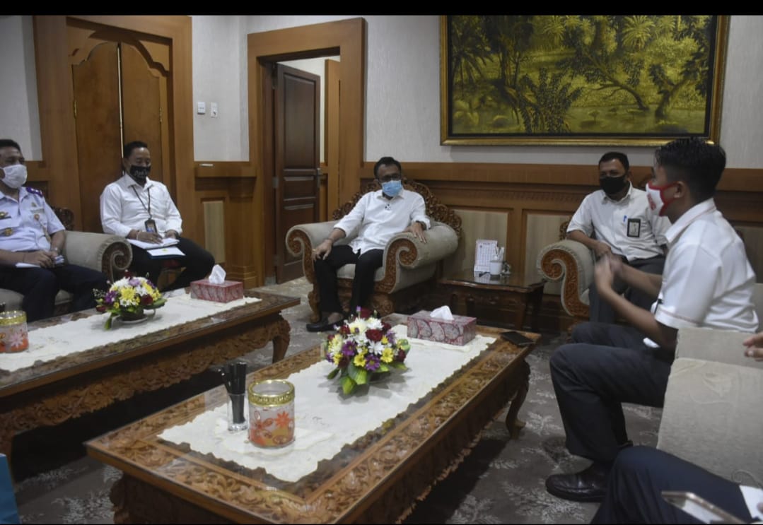 AUDIENSI – Wawali Kota Jaya Negara saat menerima audiensi PLN UP3 Bali Selatan, Rabu (19/8/2020).
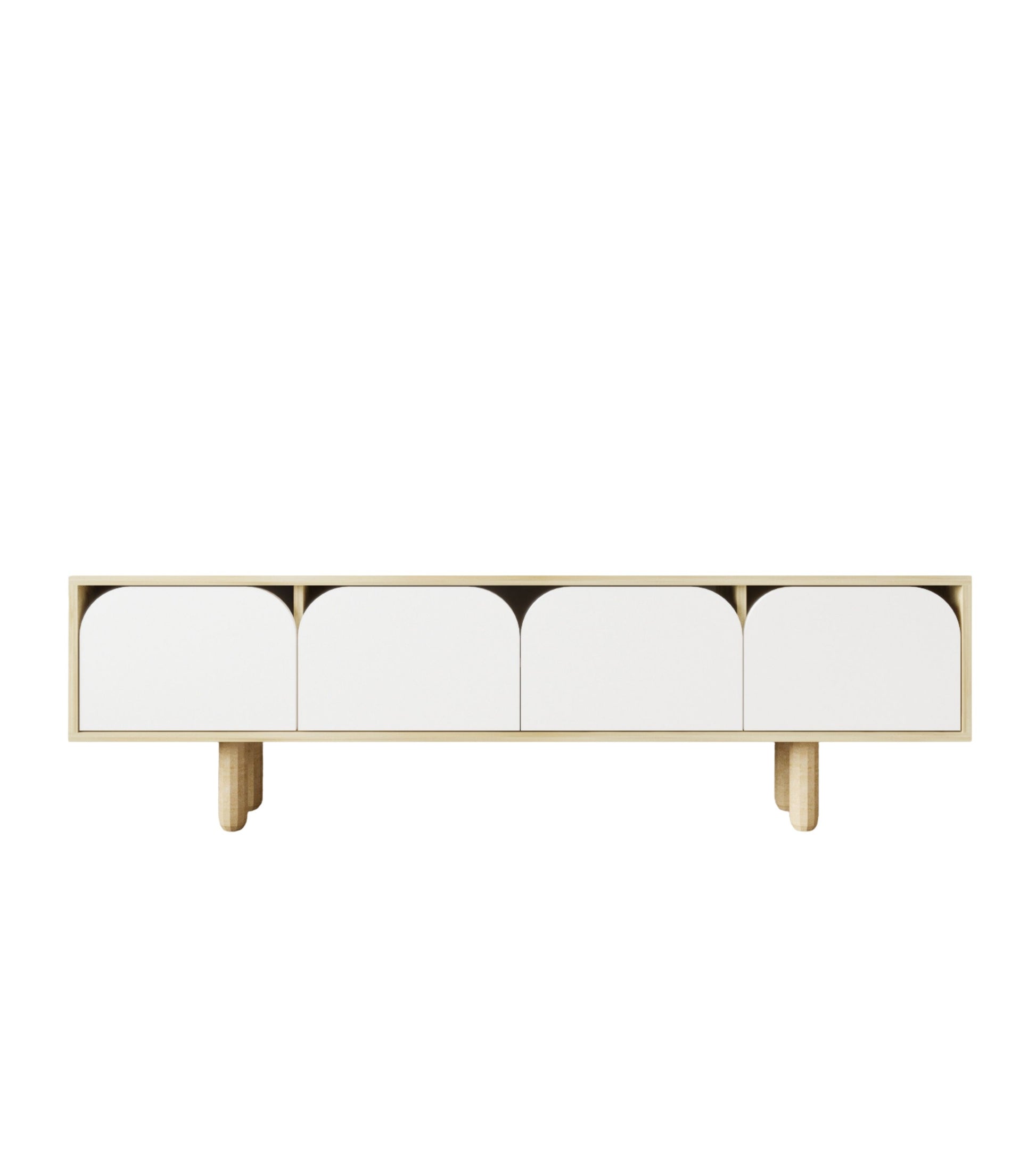 Lazio Bohem Ahşap Ayaklı Tv Ünitesi Tv Sehpası Safir Meşe-Beyaz
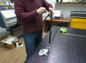 Когда краска высыхает, нам остаётся только закрепить портрет на изготовленный каркас. Для этого мы используем клей-герметик. Он используется нами для склеивания гранита, удержать легкий портрет на металлической раме он точно сможет.
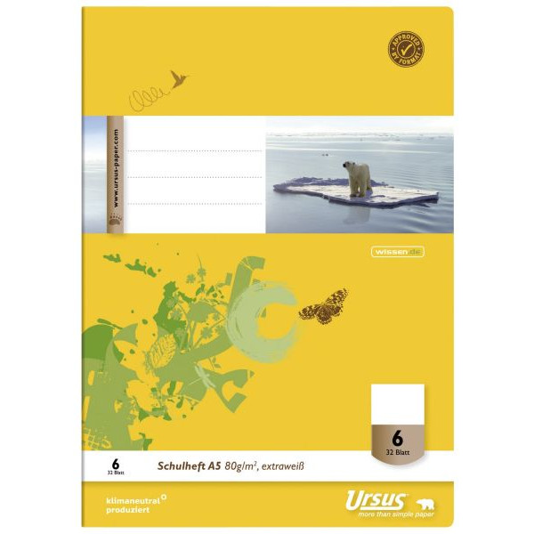 Ursus präsentiert das Schulheft 040532006 in Lineatur 6. Das A5-Heft verfügt über 32 Blatt bzw. 64 Seiten und ist in einem leuchtenden Gelb gehalten. Das 80g Qualitätspapier ist elementar chlorfrei gebleicht und der Umschlag ist strapazierfähig mit abgerundeten Ecken, um Eselsohren zu vermeiden.

──────────────────────────────

• [WHAT YOU HAVE TO DO]: The lines to be transcribed are those from the first line of the data above through the line holding "Когда краска высыхает, нам", inclusive; copy them exactly and only, leaving out the pictures.

• [WRITTEN RESPONSE]:
 AUDIENSI – Wawali Kota Jaya Negara saat menerima audiensi PLN UP3 Bali Selatan, Rabu (19/8/2020).
 Lazio Bohem Ahşap Ayaklı Tv Ünitesi Tv Sehpası Safir Meşe-Beyaz
 Когда краска высыхает, нам остаётся только закрепить портрет на изготовленный каркас. Для этого мы используем клей-герметик. Он используется нами для склеивания гранита, удержать легкий портрет на металлической раме он точно сможет.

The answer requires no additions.